I ran across this poem from Maya Angelou, a woman of great writing and wisdom.  It reminded me of those in my life who have passed on.  They were a great tree, rooted in faith.  Although their life is no longer growing with us, they have still made the impact in people’s lives and leave roots for us all to continue growing.  As you read the poem, think about someone in your life who was that “great tree” and live your life in such a way that you can be that for someone else.

When Great Trees Fall
by Maya Angelou

When great trees fall, rocks on distant hills shudder,
lions hunker down in tall grasses, and even elephants
lumber after safety.

When great trees fall in forests,
small things recoil into silence,
their senses eroded beyond fear.

When great souls die, the air around us becomes light, rare, sterile.
We breathe, briefly.  Our eyes, briefly, see with a hurtful clarity.
Our memory, suddenly sharpened, examines, gnaws on kind words unsaid,
promised walks never taken.

Great souls die and our reality, bound to them, takes leave of us.
Our souls, dependent upon their nurture, now shrink, wizened.
Our minds, formed and informed by their radiance, fall away.
We are not so much maddened as reduced to the unutterable ignorance
of dark, cold caves.

And when great souls die, after a period peace blooms, slowly and always irregularly.  Spaces fill with a kind of soothing electric vibration.
Our senses, restored, never to be the same, whisper to us.
They existed.  They existed. We can be.  Be and be better.  For they existed.

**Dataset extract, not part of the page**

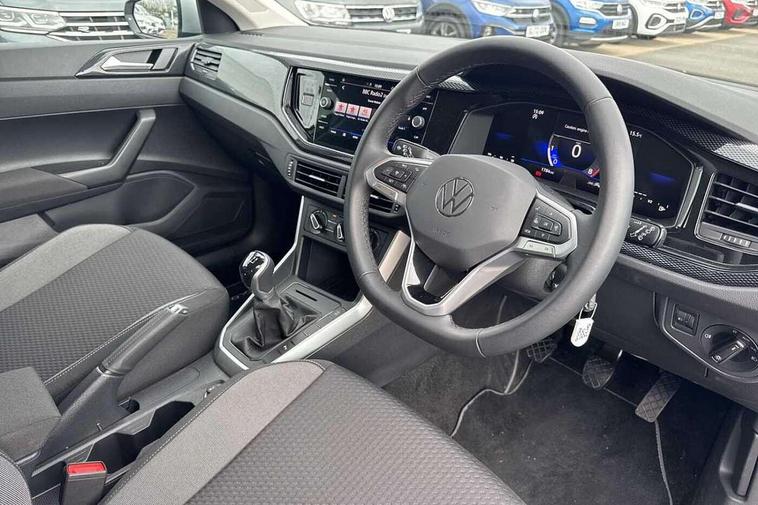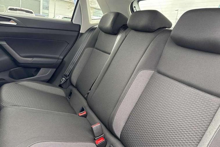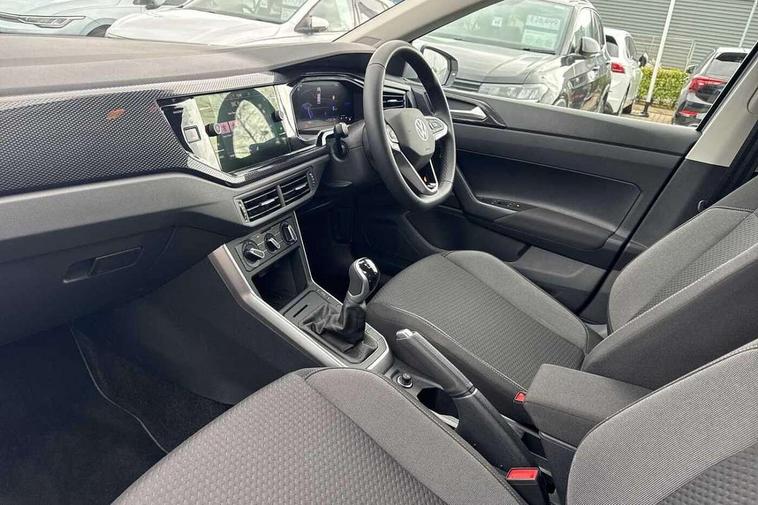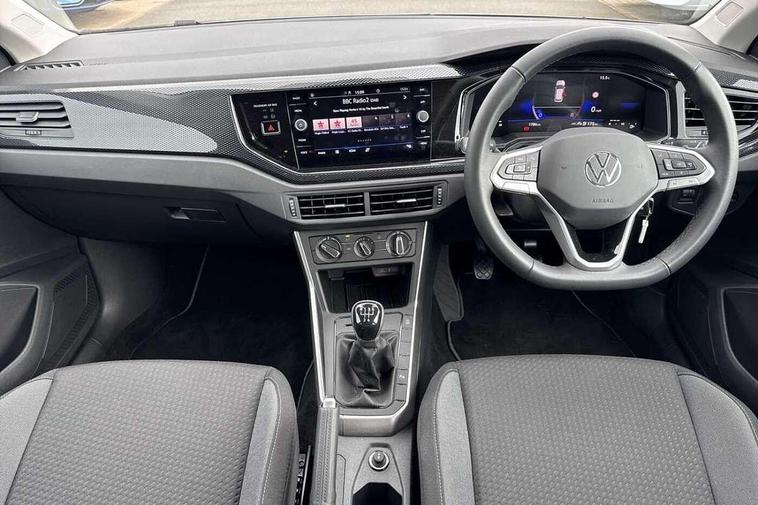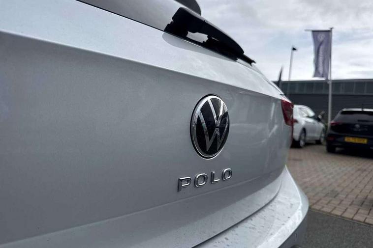 Adaptive cruise control without follow-to-stop and speed limiter, Advanced driver attention and drowsiness monitor, Bluetooth mobile phone interface, Dynamic road sign display, Emergency call service, Mobile phone preparation with inductive charging function, Multifunction front facing camera for distance control, Power assisted speed sensitive steering, Preparation for navigation system with media and internet package, Preparation for We connect and We connect plus, Rear view camera, Speedo and rev counter, electronic odometer, trip, service interval display and exterior temperature gauge, Standard rear axle, Travel Assist - Lane keeping system and traffic jam assist, Travel assist including emergency assist, Trip computer, Warning signal and warning light for front and rear seatbelts not fastened, Washer fluid level indicator, Wireless app connect, Front wheel drive, Rear shock absorpion, Start-stop system with battery regeneration (recuperation - energy recovery during braking), DAB Digital radio, Diversity antenna for FM reception, Automatic dimming interior rear view mirror, Automatic headlight control with LED separate daytime running lights with coming/leaving home function, Body colour bumpers with chrome inserts, Body colour door handles, Body colour door mirrors, Electric front windows, Engine badge deletion, Headlight range adjustment, Heat insulating and laminated safety glass windshield, LED Headlights, LED rear combination lamps, Power folding adjustable/heated exterior mirrors and front passenger exterior mirror lowering function, Rain sensor, Rear electric windows, Rear fog light, Rear side wing doors, Rear tinted glass from B-pillar backwards approx 65% tinted, Rear windscreen washer and wiper with interval delay, Third brake light, 12V power socket in centre console, 2 front and 2 rear reading lights with switch off delay and dimmer, 2 USB-C ports in the front, 2 USB-C charging sockets on the center console in the rear, 3 rear head restraints, 60/40 split folding rear seat and rear seat bench not split, Carpet mats, front and rear, Ceramique roof lining, Chrome plated radiator grille inserts, air vent surrounds and light switch surrounds, Door and side trim panel, Driver and front passenger seat height adjustment, Driver/passenger sunvisors with illuminated vanity mirrors, Front centre armrest, Front seat backrest storage pockets, Front standard seats, Handbrake lever handle in leather, Hartley/Thomas cloth upholstery, Headliner in recycled material, Isofix child seat preparation easy-fit (for two outer rear seats, and front passenger seat) compatible with I-size, Leather trimmed gear knob, Luggage compartment cover, Luggage compartment lighting, Removable luggage compartment floor, Single front passenger seat, Standard climatic zones, Standard pedal cluster, Three spoke leather wrapped multifunction steering wheel, Light and vision pack - Polo, 3 point height adj front seatbelts + pretensioners, 3 point seat belt for centre rear seat, 3 point seatbelts, outer rear with ECE lable, ABS, Driver and front passenger airbag with front passenger airbag deactivation, Drivers and front passengers safety optimised head restraints, ESC (Electronic stability control) + EDL (Electronic Differntial lock) and ASR (Traction control), Extended and predictive pedestrian/ cyclist protection, Front assist with autonomous emergency braking (for Adaptive Cruise Control ACC up to 130 mph), Front curtain and side airbags with center airbag, Front disc brakes, Hill hold control, Manual child lock in rear doors, Rear drum brakes, Single tone horn, Tyre pressure loss indicator, Alarm with interior protection, Anti-theft alarm system with interior monitoring, backup horn, and towing protection, Anti-theft wheel bolts, Electronic engine immobiliser, Lava stone black gloss/matt decorative inserts in dash and front door panels, 16" Torsby alloy wheels, Low rolling resistance tyres,

Learn and Do the Impossible

This Spring we have had at least three nests in areas of our front yard.  Two were in trees and one is on the eaves of the garage.  The nest pictured was out of my visual realm because I am not one with super long legs.  Okay, I am short.  I used the video on my phone and lifted it above the nest to observe the changes that were taking place each week as the mama bird flew to get food.  Imagine my surprise when I saw this little birdie, mouth wide open, just waiting for some food.  The old cliche “Early bird gets the worm” rings true as his siblings are still in the egg.

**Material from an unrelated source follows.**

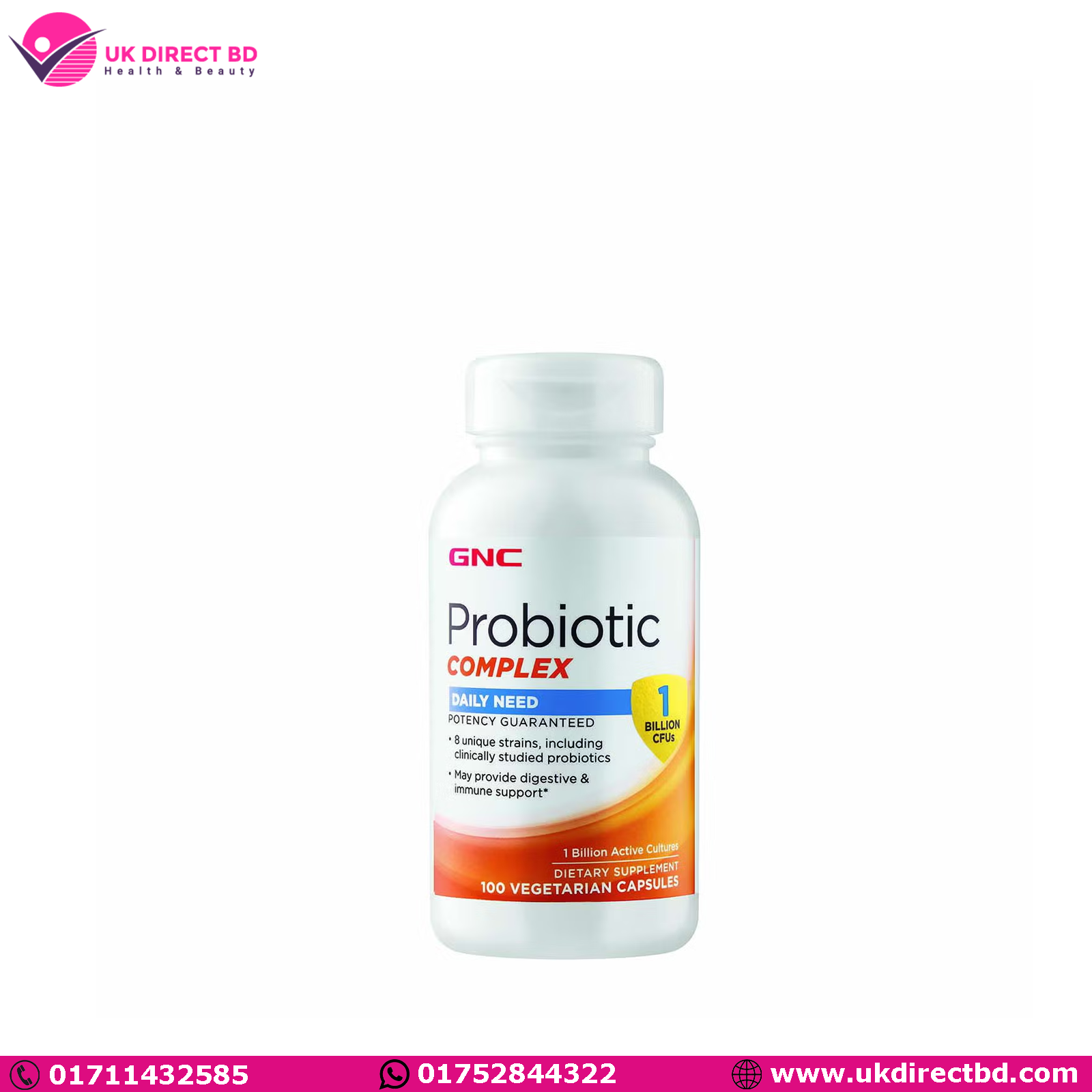 GNC Probiotic Complex Daily Need 1 Billion CFUs delivers 8 unique probiotic strains, including probiotics that have been clinically studied. Probiotics are beneficial bacteria that provide both digestive and immune support.* GNC’s probiotic products offer guaranteed potency, which means it has been tested to ensure the full 1 billion cultures in each dose are live and active when used by the expiration date – without the need for refrigeration! As a dietary supplement, take one capsule daily with food.

I would like to think that I am like this little bird in the way that I approach learning.  I love to learn!  I love to take in anything that I can to keep my mind sharp and also fill it with new things.  Recently, I started to learn spanish on a popular phone app.  It may not be formal learning but I am learning basic Spanish words, phrases and sentences.  Yo como manzanas ~ I eat apples.  While I may never actually use it, it is still fun to learn.

In the same way that I love to learn new things, I also love to share with others in the way that might help someone be a better person.  We all have a new day in front of us, full of possibility — with God, maybe an impossibility too.  In Luke 1:37, it says, “Nothing is impossible with God.”  It is always possible to learn something new, no matter what our age.  We also need to share our knowledge with others.  We need to be like this little bird, waiting in the nest for some nourishment.  When we are nourished, we will grow and be able to fly out of the nest, out of our comfort zones, and help others know that God makes all things possible.  ¡Aprende algo nuevo!  Learn something new!